------ Material to process

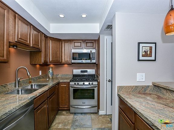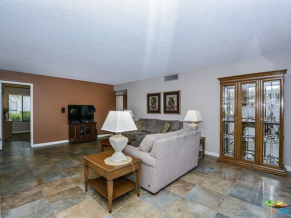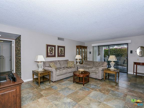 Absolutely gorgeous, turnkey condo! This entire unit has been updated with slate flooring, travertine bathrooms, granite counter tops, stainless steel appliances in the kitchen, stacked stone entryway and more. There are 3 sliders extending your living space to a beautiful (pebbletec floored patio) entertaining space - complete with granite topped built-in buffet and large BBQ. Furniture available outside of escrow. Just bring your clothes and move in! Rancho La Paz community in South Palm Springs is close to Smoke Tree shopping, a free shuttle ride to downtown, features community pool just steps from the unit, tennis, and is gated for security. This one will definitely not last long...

------------
------ Material to process

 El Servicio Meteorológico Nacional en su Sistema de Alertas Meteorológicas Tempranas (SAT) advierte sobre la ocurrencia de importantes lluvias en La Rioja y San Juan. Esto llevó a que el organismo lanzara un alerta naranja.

------------
------ Material to process

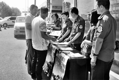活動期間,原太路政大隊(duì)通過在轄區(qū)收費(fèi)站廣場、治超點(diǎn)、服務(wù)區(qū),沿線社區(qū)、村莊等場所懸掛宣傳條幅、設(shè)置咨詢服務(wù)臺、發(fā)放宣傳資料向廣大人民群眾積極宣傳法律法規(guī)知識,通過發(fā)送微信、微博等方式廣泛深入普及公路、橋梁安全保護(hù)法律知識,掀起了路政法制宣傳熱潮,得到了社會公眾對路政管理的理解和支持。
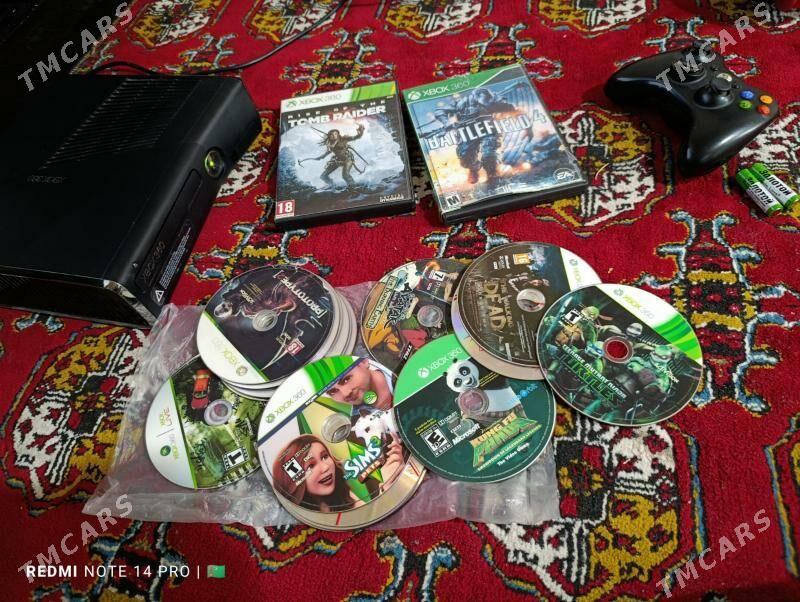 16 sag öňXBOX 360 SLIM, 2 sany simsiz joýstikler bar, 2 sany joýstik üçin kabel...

------------

■ Exercise goal
Within the listing above, extract exactly the lines that run from the one containing "活動期間,原太路政大隊(du" through the one containing "16 sag öňXBOX", excluding any pictures.

■ Exercise result
活動期間,原太路政大隊(duì)通過在轄區(qū)收費(fèi)站廣場、治超點(diǎn)、服務(wù)區(qū),沿線社區(qū)、村莊等場所懸掛宣傳條幅、設(shè)置咨詢服務(wù)臺、發(fā)放宣傳資料向廣大人民群眾積極宣傳法律法規(guī)知識,通過發(fā)送微信、微博等方式廣泛深入普及公路、橋梁安全保護(hù)法律知識,掀起了路政法制宣傳熱潮,得到了社會公眾對路政管理的理解和支持。
 16 sag öňXBOX 360 SLIM, 2 sany simsiz joýstikler bar, 2 sany joýstik üçin kabel...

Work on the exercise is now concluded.